Information supplied =>
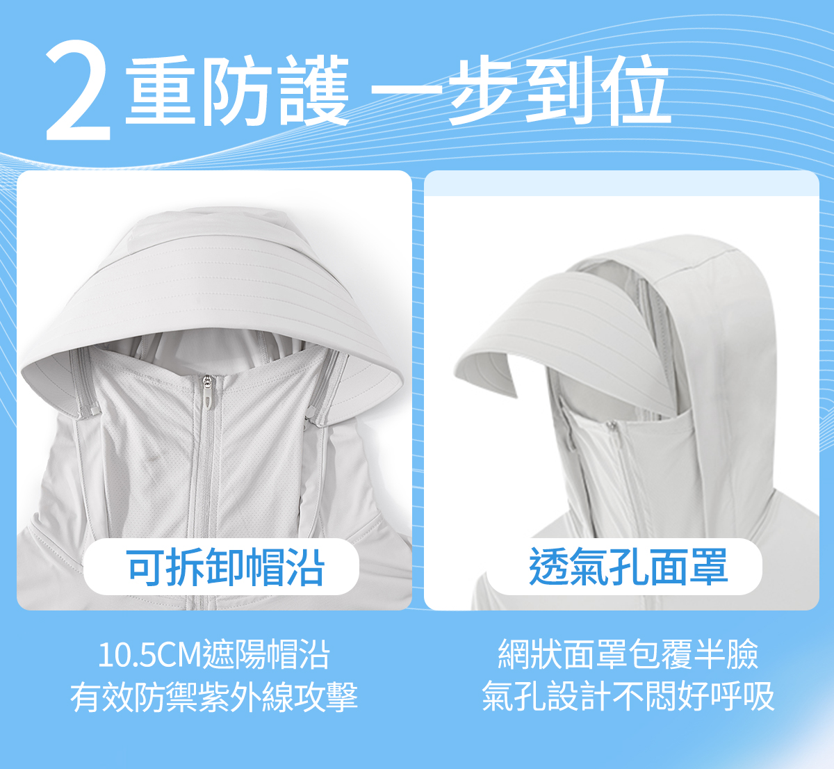 • 可拆帽沿+透氣面罩,2重防護一步到位
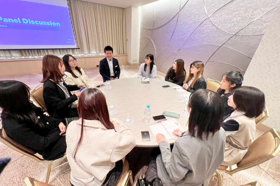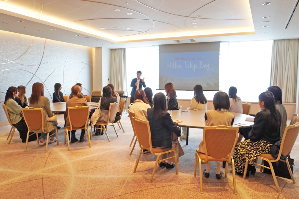 その後、学生たちは宴会場に移動し、ホテル業界の解説や、ヒルトンの理念・働き方について担当者から説明を受けました。ホスピタリティ業界の最前線を走る企業の姿勢や、具体的な取り組みに触れることで、自身のキャリアについて考える良いきっかけになりました。
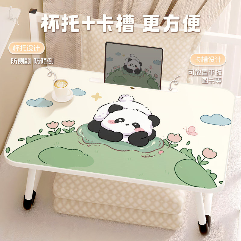 调皮熊猫床上小桌子办公桌宿舍学生学习桌写字可折叠桌家用儿童卧室飘窗阳台膝上桌笔记本电脑支架床上书桌

What this task involves => From the material above, reproduce everything verbatim except the pictures.

Written solution =>
 • 可拆帽沿+透氣面罩,2重防護一步到位
 その後、学生たちは宴会場に移動し、ホテル業界の解説や、ヒルトンの理念・働き方について担当者から説明を受けました。ホスピタリティ業界の最前線を走る企業の姿勢や、具体的な取り組みに触れることで、自身のキャリアについて考える良いきっかけになりました。
 调皮熊猫床上小桌子办公桌宿舍学生学习桌写字可折叠桌家用儿童卧室飘窗阳台膝上桌笔记本电脑支架床上书桌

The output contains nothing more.